Our hospital stay was on the longer side because I had a c-section, and it turned into a really special time for the three of us as a family. I don't think it would have been nearly the same if we hadn't been able to just close the door for a few hours, just the three of us.
And as others mentioned, post partum logistics just suck. People are coming to visit, you're only sleeping in 2 hour increments because the baby's crying, it's hard to shower or use the bathroom so you end up spend 3x as long in there. Also, we had an issue one night where DS got fed up with my milk not being in and screamed on and off until 4am because he was hungry. We finally fed him some formula and he was better. But trying to deal with that and being on my own after a c-section, or having a roommate in the room and feeling bad for waking her up would just be awful. And the entire day following the nurses left us alone because they knew we had a rough night. With another family in the room we couldn't have gotten the peace and rest we needed.
So anyways, I vote private room and/or new hospital.
blogger / honeydew / 7081 posts
@pui: We were in a double room, but lucked out and didn't have anyone else in the room.
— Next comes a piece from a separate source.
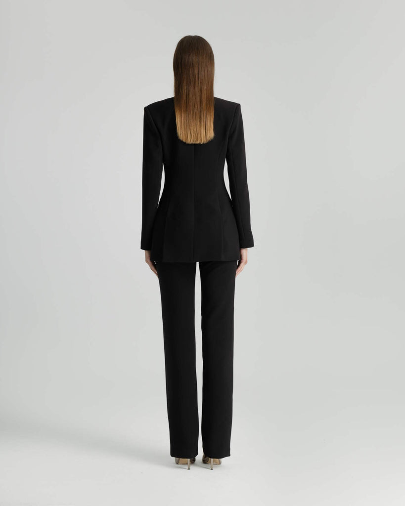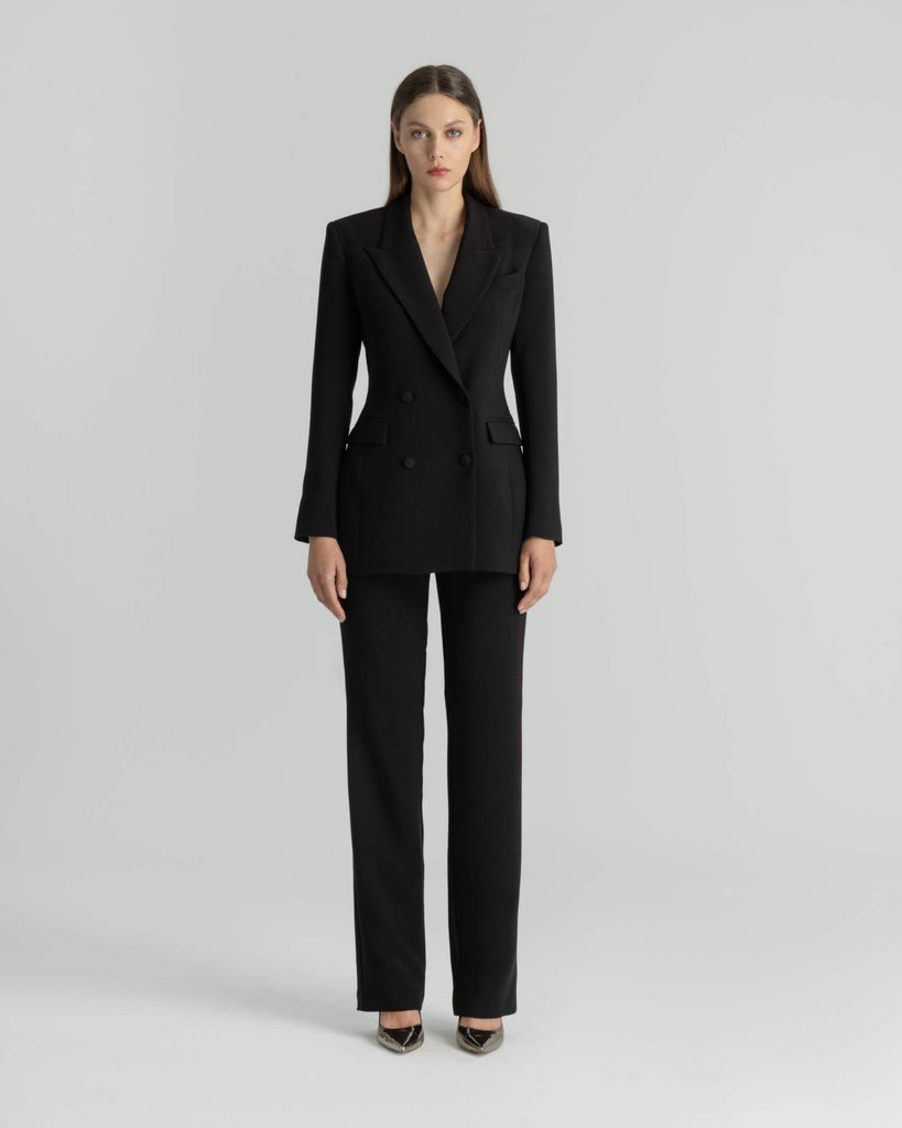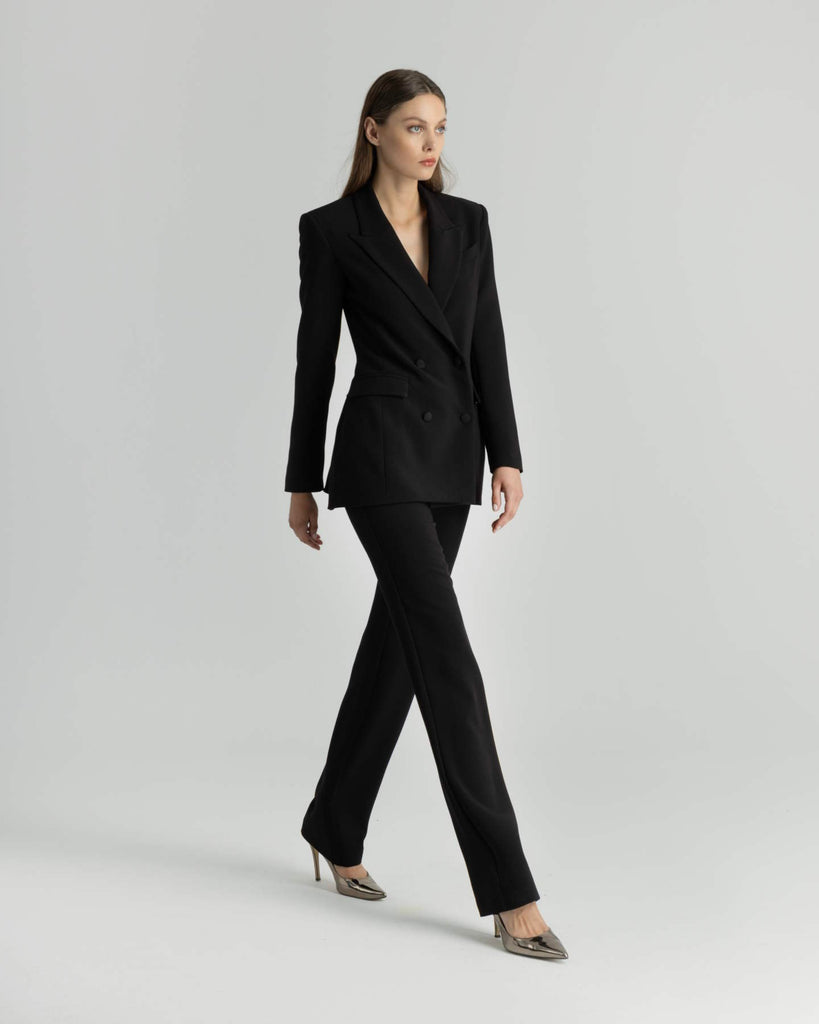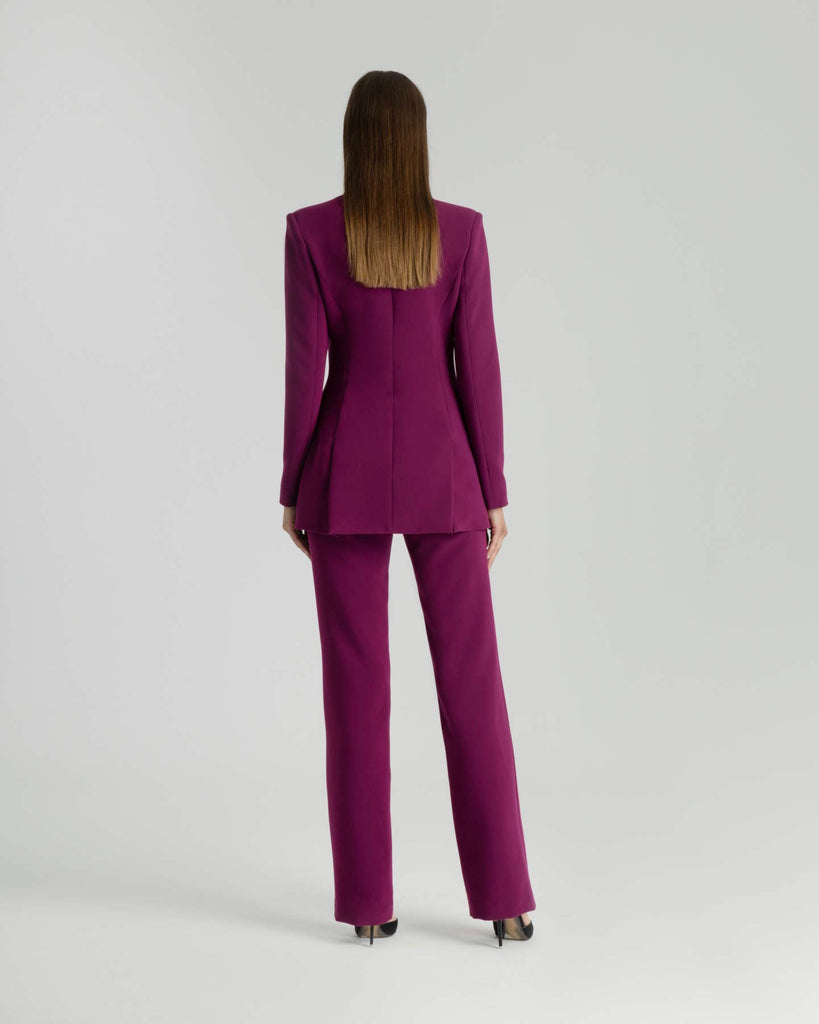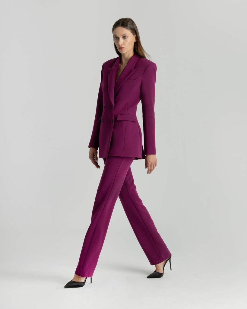 Διαχρονική κομψότητα με δυναμική παρουσία. Το σταυρωτό σακάκι σε έντονο χρώμα dark magenta αποτελεί τη νέα εκδοχή του κλασικού tailoring. Διαθέτει βάτες στους ώμους που τονίζουν τη σιλουέτα, βαθύ πέτο με sharp γραμμές και κομψά μπροστινά κουμπιά διπλής σειράς. Το πίσω μέρος έχει διακριτικά ανοίγματα στο τελείωμα που προσδίδουν ευελιξία στην κίνηση και ανεπιτήδευτη φινέτσα. Η γραμμή του είναι μεσάτη, σχεδιασμένη για να κολακεύει. , Φοριέται με το αντίστοιχο παντελόνι για μια ολοκληρωμένη, σοφιστικέ εμφάνιση γραφείου ή city chic εξόδου. Σύνθεση: 17% Ray, 78% Pes, 5% Sp Σχεδιασμένα & Κατασκευασμένα στην Ελλάδα.

Our insurance covered a semi-private room (OHIP covers the ward rooms, right?).
pomegranate / 3706 posts
My only option was a private room. I have no idea what it would be like to not have had one, but I enjoyed the privacy and quiet bonding time with my husband and each baby.
clementine / 826 posts
I too am on OHIP, but I had a private room each time. With DH's insurance we only had to pay a very small amount out of the total. It was $200 for 3 nights with my first (traumatic c-section) and $90 for 2 nights for my second.
I would totally spring for a private again.
pomegranate / 3580 posts
Yep, it was the only option! It had a little pull out bed for DH, too.. I'd spring for a private room - but I'm pretty private anyway and loved the time we had to bond alone.